(THE DATA Opens)

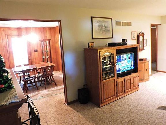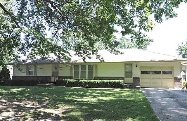 Nice ranch on beautiful double lot, in the heart of Raymore. Home has been very well maintained -- just needs a little updating. 2 big bedrooms, 2 full bathrooms, updated kitchen, formal dining room, covered deck, and enclosed patio, laundry room/breezeway all on one level. PLUS huge 36' x 24' detached garage that can easily house multiple vehicles. PLUS full unfinished basement. Nice shady setting with lots of mature trees.
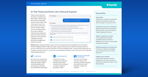 Kentik AI Advisor is a powerful new AI that deeply understands your network, reasons through complex issues, and delivers clear, actionable guidance for designing, operating, and protecting your networks.
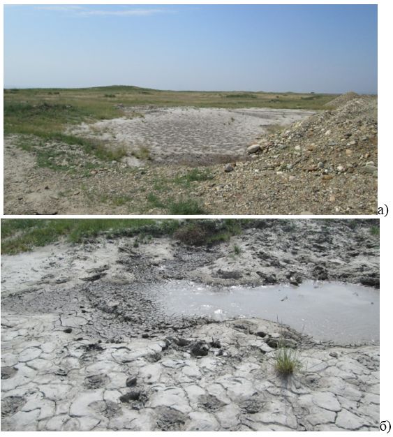 Рис. 5. Закольматированная западина: а) общий вид; б) последняя стадия высыхания участка западины
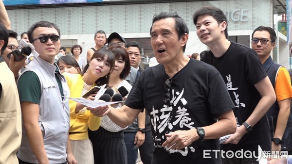 馬英九穿上“我是人,我返核”黑衣上街頭發(fā)聯署書。(圖片來源:臺灣“東森新聞云”)
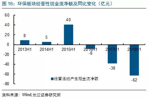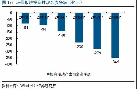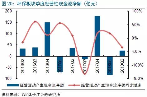 2018H1固廢板塊經(jīng)營(yíng)活動(dòng)產(chǎn)生現(xiàn)金流凈額改善較多,主要受益于中再資環(huán)(補(bǔ)貼款回款增加,由-5.5億到3.2億)、東江環(huán)保(議價(jià)能力提升,回款加速,同時(shí)預(yù)收款增加較快,由0.9億到3億)、格林美(由1億到4.2億)經(jīng)營(yíng)現(xiàn)金流凈額改善明顯;節(jié)能板塊下滑較大主要受到三聚環(huán)保(-20.4億到-32.3億)、神霧環(huán)保(由0.7億到-3.9億)、神霧節(jié)能(由3.4億到-0.8億)經(jīng)營(yíng)現(xiàn)金流凈額惡化較快的影響。水(工程設(shè)備)板塊經(jīng)營(yíng)活動(dòng)現(xiàn)金流凈額繼續(xù)走低,主要受到碧水源(由-7億到-13.6億)及天翔環(huán)境(由0.5億到-9.7億)的影響。
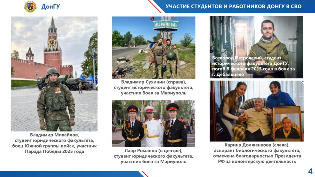 В 2014 году, когда формировались отряды добровольцев для создания народного ополчения Республики, университет пополнял кадрами ряды Народной Милиции (армии ДНР): более тысячи наших преподавателей, студентов и выпускников ушло на фронт для борьбы с украинским фашизмом. Из них более семисот — стали участниками и ветеранами специальной военной операции.
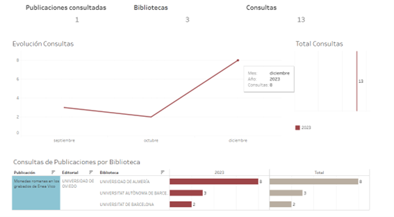Escribiremos el título o ISBN de la obra y automáticamente se nos mostrarán las estadísticas totales y detalladas por meses y años, e informándonos desde cual/cuales biblioteca/s se realizó la consulta:

(THE DATA Closes)

Except for the pictures, set down all of the records exactly.

 Nice ranch on beautiful double lot, in the heart of Raymore. Home has been very well maintained -- just needs a little updating. 2 big bedrooms, 2 full bathrooms, updated kitchen, formal dining room, covered deck, and enclosed patio, laundry room/breezeway all on one level. PLUS huge 36' x 24' detached garage that can easily house multiple vehicles. PLUS full unfinished basement. Nice shady setting with lots of mature trees.
 Kentik AI Advisor is a powerful new AI that deeply understands your network, reasons through complex issues, and delivers clear, actionable guidance for designing, operating, and protecting your networks.
 Рис. 5. Закольматированная западина: а) общий вид; б) последняя стадия высыхания участка западины
 馬英九穿上“我是人,我返核”黑衣上街頭發(fā)聯署書。(圖片來源:臺灣“東森新聞云”)
 2018H1固廢板塊經(jīng)營(yíng)活動(dòng)產(chǎn)生現(xiàn)金流凈額改善較多,主要受益于中再資環(huán)(補(bǔ)貼款回款增加,由-5.5億到3.2億)、東江環(huán)保(議價(jià)能力提升,回款加速,同時(shí)預(yù)收款增加較快,由0.9億到3億)、格林美(由1億到4.2億)經(jīng)營(yíng)現(xiàn)金流凈額改善明顯;節(jié)能板塊下滑較大主要受到三聚環(huán)保(-20.4億到-32.3億)、神霧環(huán)保(由0.7億到-3.9億)、神霧節(jié)能(由3.4億到-0.8億)經(jīng)營(yíng)現(xiàn)金流凈額惡化較快的影響。水(工程設(shè)備)板塊經(jīng)營(yíng)活動(dòng)現(xiàn)金流凈額繼續(xù)走低,主要受到碧水源(由-7億到-13.6億)及天翔環(huán)境(由0.5億到-9.7億)的影響。
 В 2014 году, когда формировались отряды добровольцев для создания народного ополчения Республики, университет пополнял кадрами ряды Народной Милиции (армии ДНР): более тысячи наших преподавателей, студентов и выпускников ушло на фронт для борьбы с украинским фашизмом. Из них более семисот — стали участниками и ветеранами специальной военной операции.
Escribiremos el título o ISBN de la obra y automáticamente se nos mostrarán las estadísticas totales y detalladas por meses y años, e informándonos desde cual/cuales biblioteca/s se realizó la consulta:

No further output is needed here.